Monday, April 16, 2007

Rockin' the Boat

Hey, you know what really makes having a newborn exciting? Getting the flu. Yeah, it's awesome. I know what you people with kids are thinking: "Hey, Wilson, grow a pair and quit your bellyaching."

What can I say, I'm soft ... and I get really whiny when I don't feel well. Good news, though. I'm hopped up on benodryl, just got some inspiration and thought I should write it down before I pass out.

Okay, it wasn't the drugs that gave me inspiration, it was Illanin's comment to one of my AOL posts. Here's the post. (If you're too lazy to read it, it's about Romeo Crennel agreeing not to start a rookie quarterback -- assuming the Browns take one -- because of the cautionary tale that was Tim Couch's career. I offered this sentence in support of Crennel's contention: "In 2004, Ben Roethlisberger didn't open his rookie season as the starter -- his first start came in Week 3 -- but what made his situation so much different than the other quarterbacks mentioned above was that he had a strong cast of players around him. Especially along the offensive line.") And here's Illanin's comment:
Ryan, is there something in your contract with AOL that forces you to write one piece of conventional wisdom bullcrap every three articles or something? You wouldn't say something like [the sentence above] on HSS or SCI without checking up on it. Pittsburgh ranked 28th in Adjusted Sack Rate in 2004. Sure, the run blocking was good, opening lanes for Staley and the Bus; but what people think of when you say a QB has a good line is pass protection. Fact is, Roethlisberger's been consistently better than his pass protection - even this year, though not by so much. The Steelers' run-heavy philosophy was as much necessity as intent.
Well, actually I would write that sentence on HSS or SCI without checking up on it, but that's because I didn't think it was such a controversial topic.
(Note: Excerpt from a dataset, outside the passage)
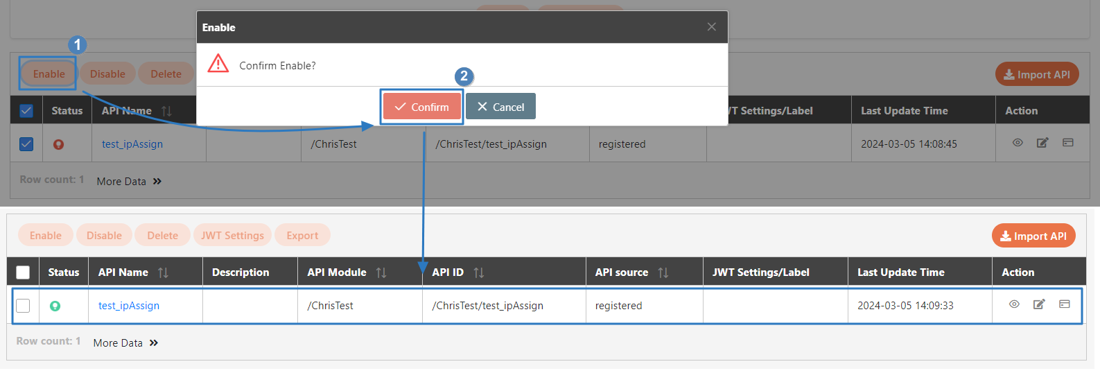 A confirmation window will pop up, click Confirm to finish enabling the API, and the status light will turn green

I agree that Pittsburgh's pass protection has been bad in recent years -- I know I've written that on HSS and SCI -- and I don't disagree that Big Ben has (mostly) been better than his pass protection, but I think it's hard to argue that Roethlisberger wasn't the beneficiary of having "a strong cast of players around him ... especially the o-line." Roethlisberger averaged some ridiculously low number of pass attempts per game his rookie season and relied primarily on the running game to make his job infinitely easier. Put Couch, Harrington and Carr in similar situations their rookie seasons and I bet they win more games than they did with their actual teams.

I'd also point out that for all of Roethlisberger's scrambling ability, he is also responsible for a fair share of sacks that still get blamed on the o-line. I'm not saying it evens out -- I have no idea, I haven't looked at it -- but it's worth pointing out.

I also take issue with this part of Illanin's comment: "Ryan, is there something in your contract with AOL that forces you to write one piece of conventional wisdom bullcrap every three articles or something?" One of three articles? Huh, I was shooting for one out of two, so I've dropped the ball on that one too. Seriously, I do love that you people aren't afraid to call me out. It keeps me from just completely making stuff up.

In other semi-draft-related news, I posted two Steelers-related things on the ol' AOL site. One about the Steelers drafting OSU's Anthony Gonzalez in the second round; and another about the importance of special teams.

The special teams talk isn't news around these parts, but it's the first time I've mentioned Gonzalez. And the only reason I got on that kick is because of -- you guessed it -- Mike Mayock. He's been running down his first-day favorites the past week or so and he absolutely loves Gonzalez and Steve Smith as second-round slot receivers. Both guys ran sub 4.5-forties, but more importantly, excel and getting open and catching passes.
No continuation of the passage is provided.